Hang Nadim (Jawi: هڠ نديم) was a warrior of the Johor-Riau during the Portuguese occupation of Melaka (modern day Malacca). Nadim was appointed laksamana (admiral) of Sultan Mahmud Shah's forces that harassed the Portuguese trade colonies from 1511 to 1526. He also appears as a legendary figure in a chapter of the Sejarah Melayu (or the Malay Annals).

==Family and career==
Hang Nadim was the son of Malaccan warrior and insurrectionist, Hang Jebat, and a foster son to another Malaccan warrior, Hang Tuah.

===Appointment to rank of laksamana===
When Khoja Hassan died, Nadim was appointed the new laksamana to replace him. In 1516, Nadim attacked Malacca with the hope of recapturing it from the Portuguese, but the attack was unsuccessful. Nadim proved his leadership and heroism by defeating the Portuguese attacks on the Bintan Regency and Kopak. His repeated attacks on the Portuguese weakened their fighting spirit and badly damaged their ability to trade with Malacca. During this time, his reputation grew, and he became famous with the Malay peoples. Nadim assisted Mahmud Shah in two attempts to recover the throne, in 1519 and 1524. Also in 1524, Nadim besieged Malacca in the hope of preventing food from reaching the town. The siege was broken, however, when the Portuguese were relieved by reinforcements from Goa.

==Background==
After the 1511 fall of Malacca to the Portuguese, exiled Sultan Mahmud Shah of the royal house of Melaka, withdrew from Teloh Naming to Ulu Muar. His people eventually settled in Pagoh and Bentayan. Mahmud Shah and his descendants founded the Johor Sultanate. (Note: the Johor Sultanate was the basis of the much larger Johor-Pahang-Riau-Lingga empire to come later. This empire comprised Johor, the Riau Islands, Pahang and all those parts of the old Malacca Sultanate which had not been occupied by the Portuguese.) Although Malacca had fallen to the Portuguese, Mahmud Shah and his son, Sultan Ahmad, had continued to attack the Portuguese in Malacca, up to 1526. Mahmud died in the Kampar Regency (modern Sumatra) in 1528 and was known posthumously as Marhum Kampar.

==In legend and popular culture==
In the Sejarah Melayu (the Malay Annals), the boy who saved the fishing village of Temasek from the attacking swordfishes is not given a name. The name Hang Nadim was only given to a character in the story after later adaptions of the legend made its way into popular culture. This Nadim character appeared in a different chapter and is unrelated to the story of the boy who saved Temasek. It is mentioned in the traditional accounts that the swordfish attacks were the result of a curse because the reigning Maharajah had ordered the death of a pious man, Tun Jana Khateb, from Pasei.

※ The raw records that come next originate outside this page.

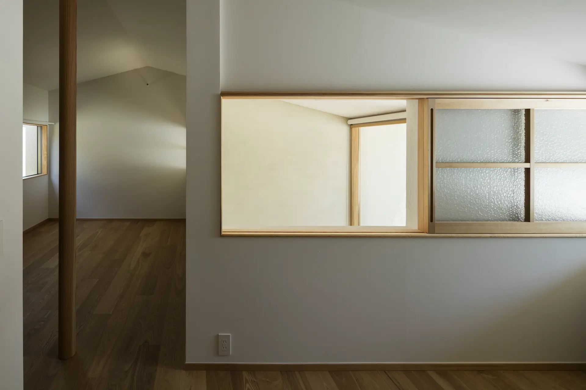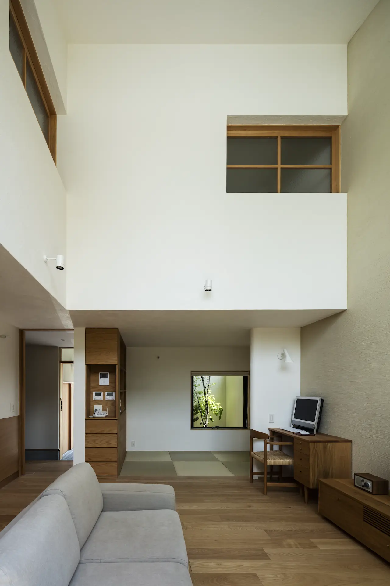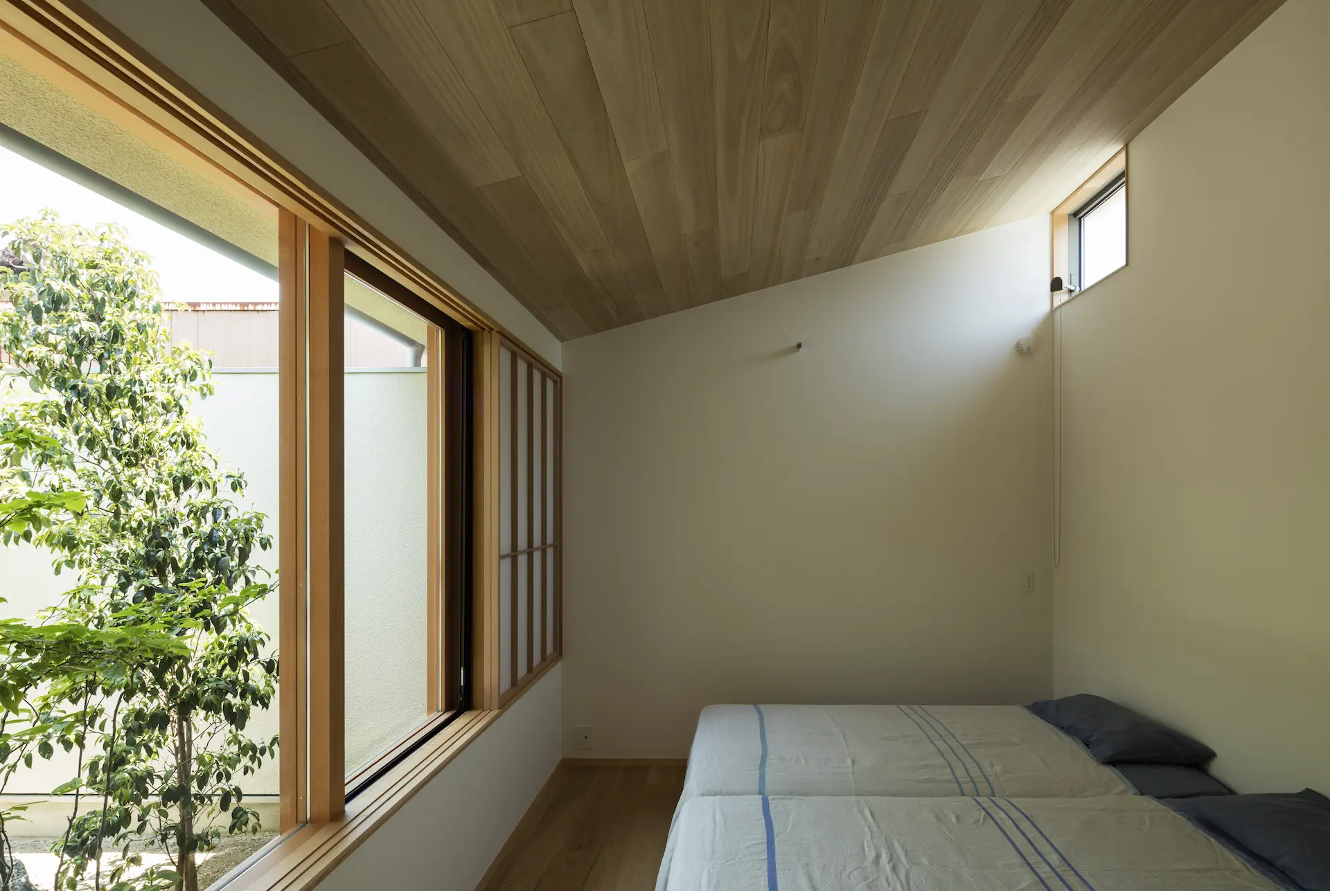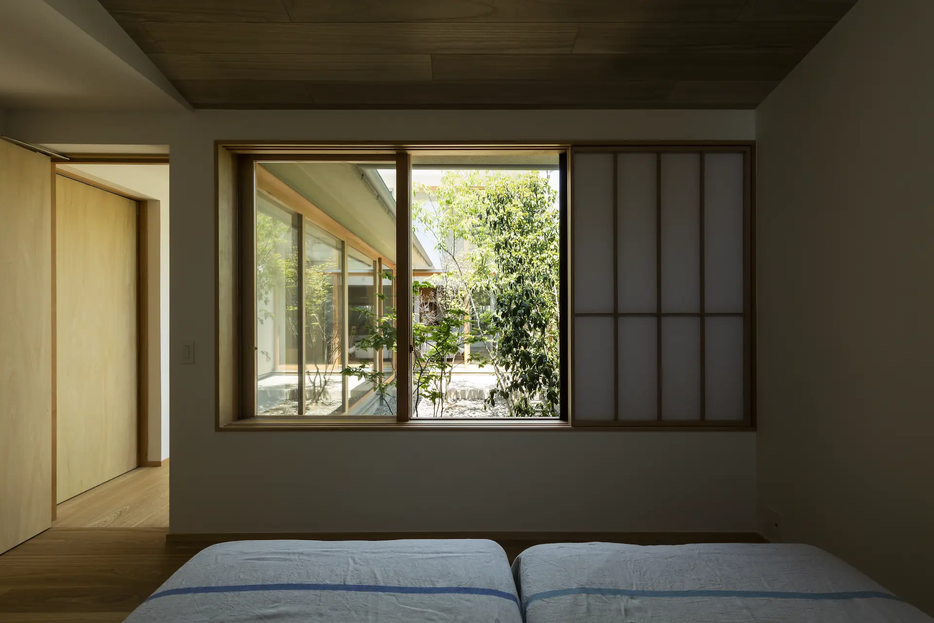 中庭に差し込む朝日が障子を明るくし寝室での眠りから自然に目が覚める、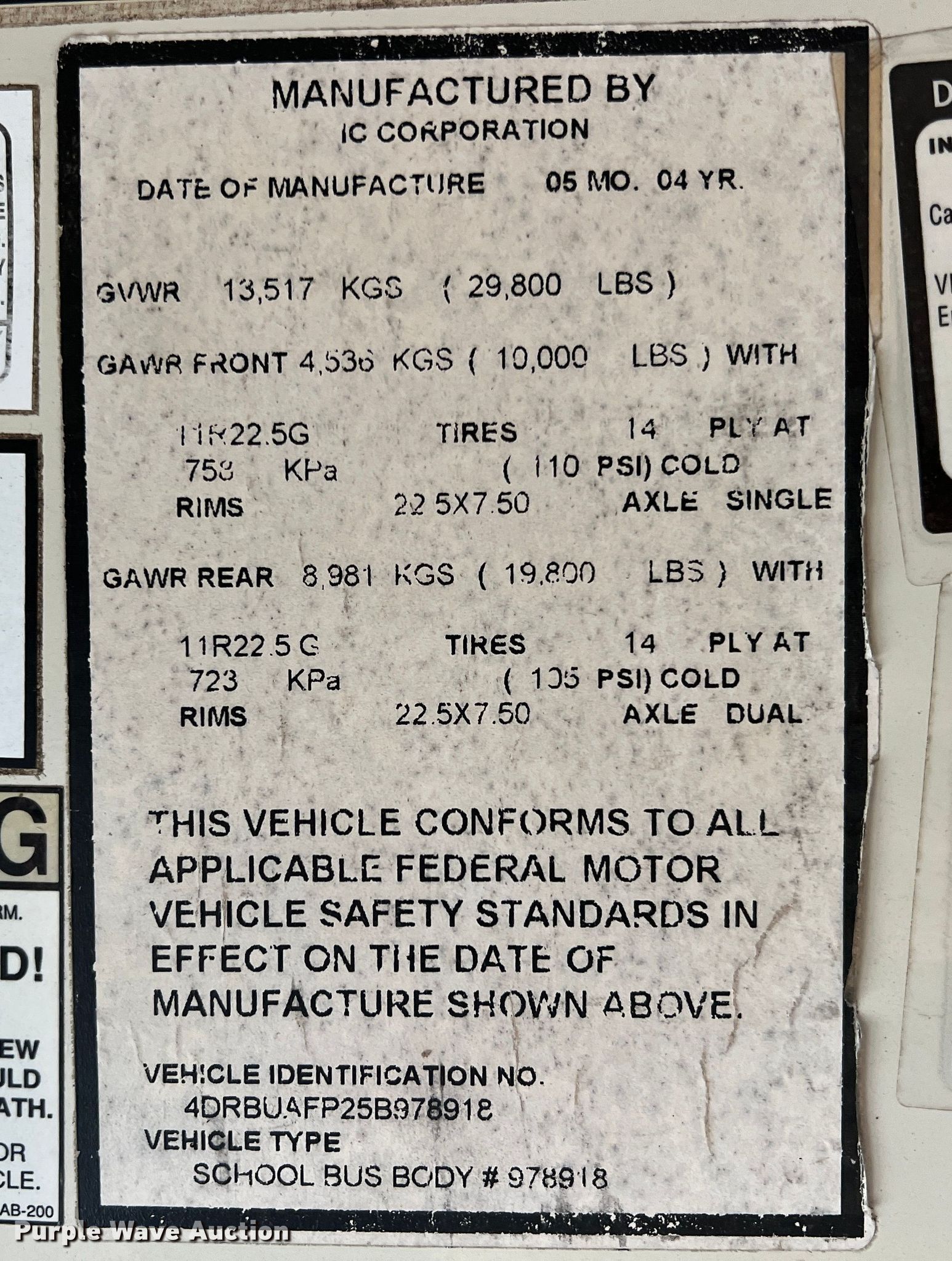 Purple Wave is selling a used Bus in Oklahoma. This item is a 2005 IC PB105 school bus with the following: Miles: 138,771 on odometer, VIN: 4DRBUAFP25B978918
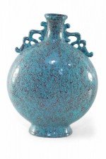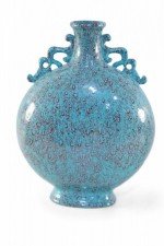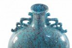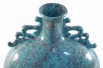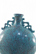 Chinese Teal and Red Crackle Porcelain Moon Flask Vase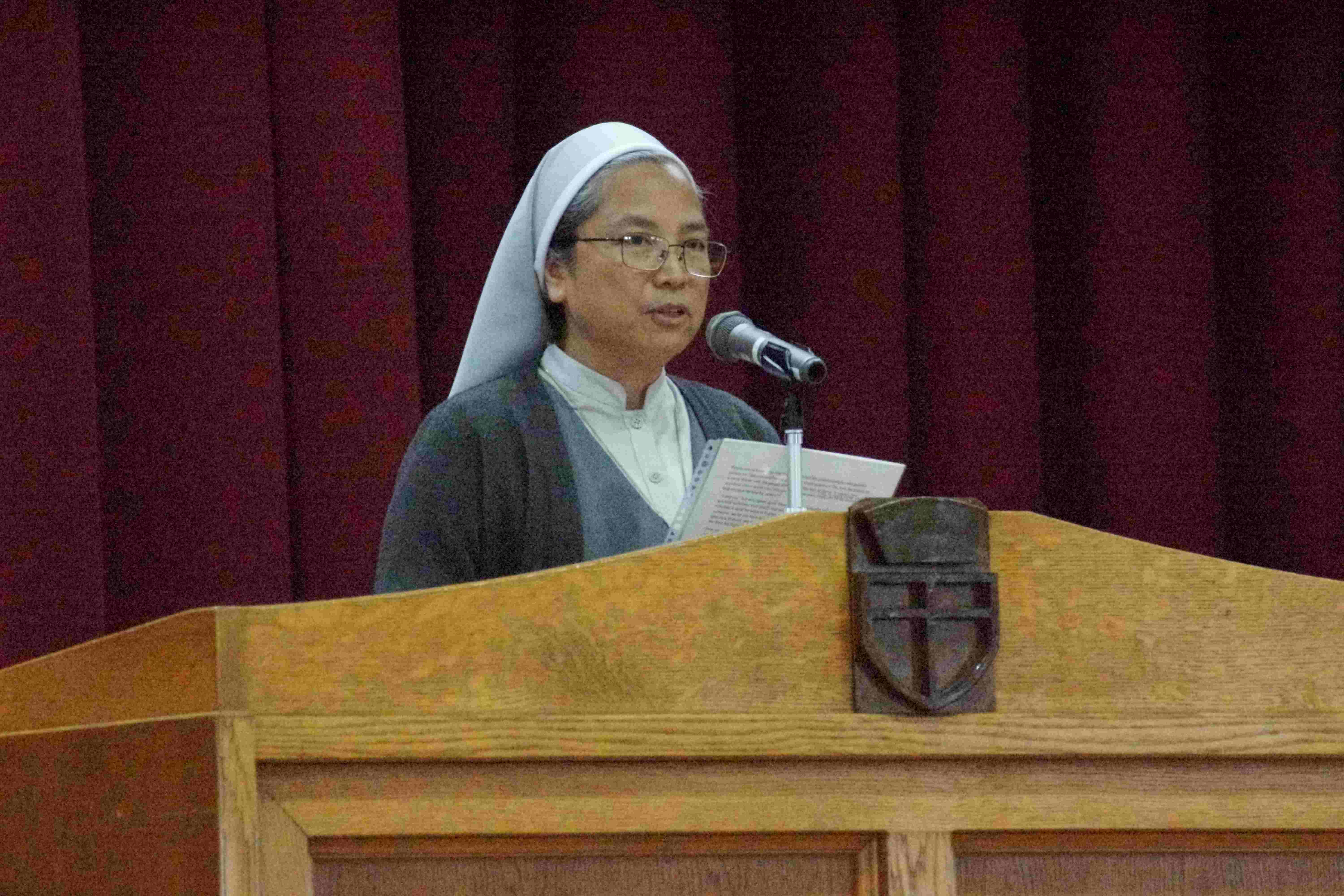 聖心(みこころの)宣教女修道会のマードレ・クリスティータ・デ・カストロ総長が、フィリピンから来校され、講話がありました。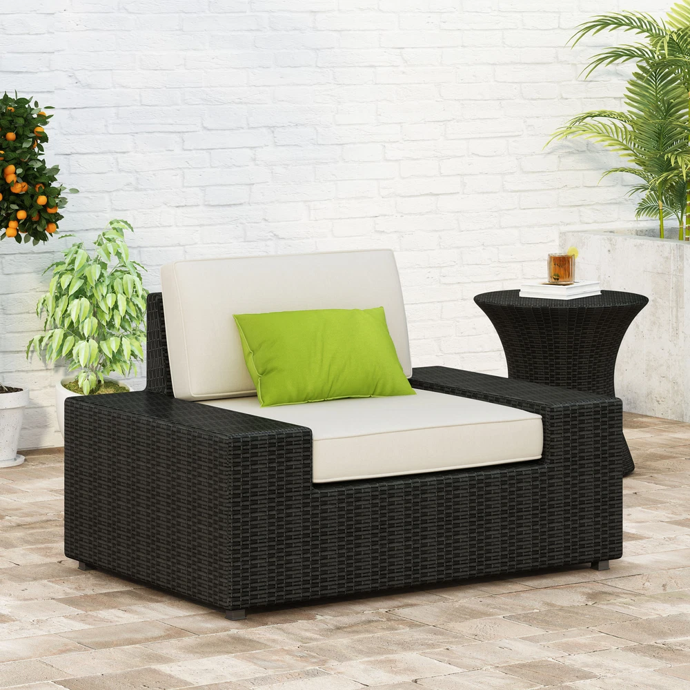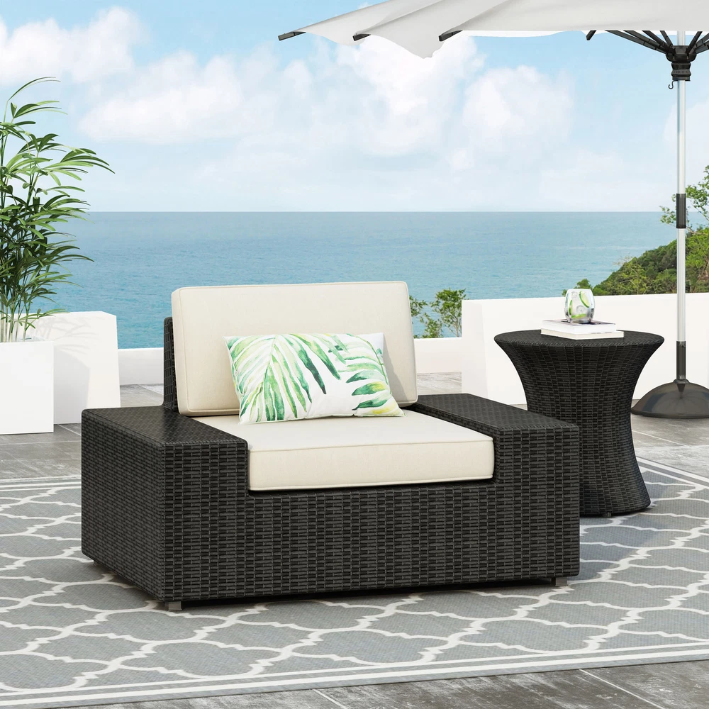 Includes: One (1) Club Chair Material: Faux Rattan Frame Material: Iron Dimension: 30.25 inches deep x 43.25 inches wide x 27.00 inches high NO ASSEMBLY REQUIRED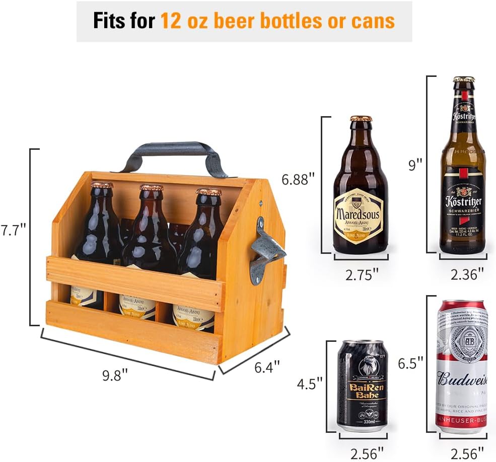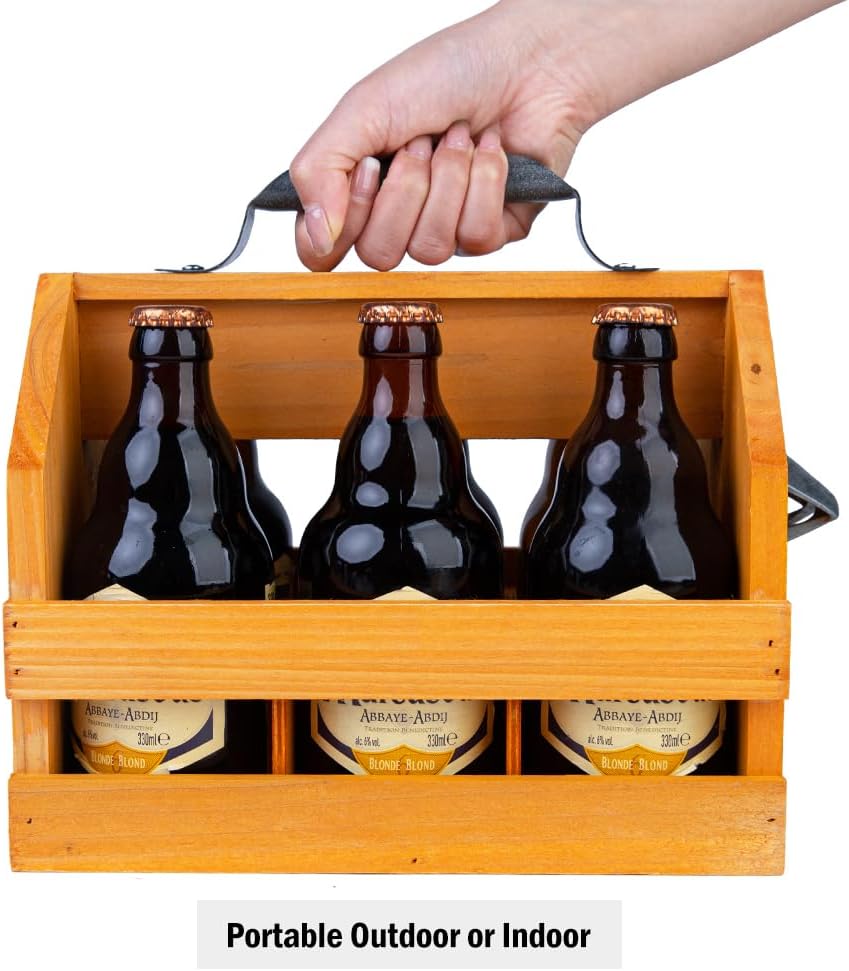 The Wooden 6-Bottle Caddy with Bottle Opener (Brown) is an exemplary product that blends functionality with timeless design. Its wood and metal construction lends durability and vintage appeal, while the built-in bottle opener adds a layer of convenience. Highly versatile and portable, it is perfect for various settings from home bars to outdoor gatherings. It also makes a thoughtful and practical gift for any beer lover. Overall, this beer caddy promises to enhance the enjoyment and presentation of your favorite beverages.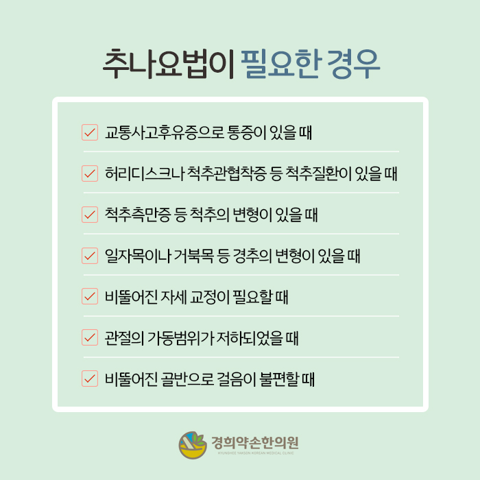 추나요법은 관련 교육을 받은 한의사만이 실시할 수 있는 한방 수기 교정치료입니다. 목포한의원 원장님께서 직접 맨손과 전용테이블만을 사용해서 실시하므로 환자 한 분 한 분의 상황에 맞게 추나기술이나 강도를 적절히 조절해서 적용할 수 있다는 장점이 있습니다. 추나요법에서 추나란 밀고 당긴다는 뜻을 가지고 있는데요. 실제로 문제가 생긴 근골격계 부위를 맨손으로 밀거나 잡아당기면서 유효한 자극을 가하고 원래의 균형상태를 회복해줍니다. 이는 어긋나고 틀어진 관절과 뼈를 강제로 맞춘다는 것이 아니라, 조금씩 자극을 가해서 나아지는 방향으로 진행하는 것이라서 부작용이나 후유증에 대한 걱정을 덜 수 있습니다. 특히 목포한의원 추나요법은 약물투여나 수술적인 방법을 적용하지 않고 오로지 맨손으로만 하여 남녀노소 누구나 편하게 선택할 수 있으니 참고해 주시기 바랍니다.

In the Annals, the Raja plans to counter the attacks by having his countrymen stand in the sea to form a human barrier of legs along the shores of Temasek to protect the area. The number of swordfish, however, proved too numerous, and the plan only caused more lives to be lost. After that, Hang Nadim came forward and advised the Maharajah to build a barrier with banana stems instead. The effort was successful as the swordfishes' snouts were trapped by stems of the barricade. (Note: According to common belief, the place called Tanjong Pagar in modern-day Singapore takes its name from this barricade. In the Malay language, tanjong pagar means "cape of gates".) The Maharajah became furious because he had been publicly outwitted by a boy, so he hired assassins to murder the boy. Nadim lived on top of a hill. That night, the assassins murdered him in his sleep and all of his blood flowed into the hill. The name Bukit Merah is today called the "Red Hill".

==Legacy==
- The Royal Malaysian Navy's Laksamana Class corvette KD Laksamana Hang Nadim (F134), is named after him.

- The Hang Nadim International Airport in Batam, Indonesia is named after him.

- Film Director Omar Rojik directed an adaption of Hang Nadim's story as told in the Malay Annals; the film is entitled "Singapura Dilanggar Todak" and was produced in 1962. This film ties together both the story of Tun Jana Khateb's visit and execution in Temasek, and Hang Nadim's later heroic act in saving the people from the attacks of the swordfish.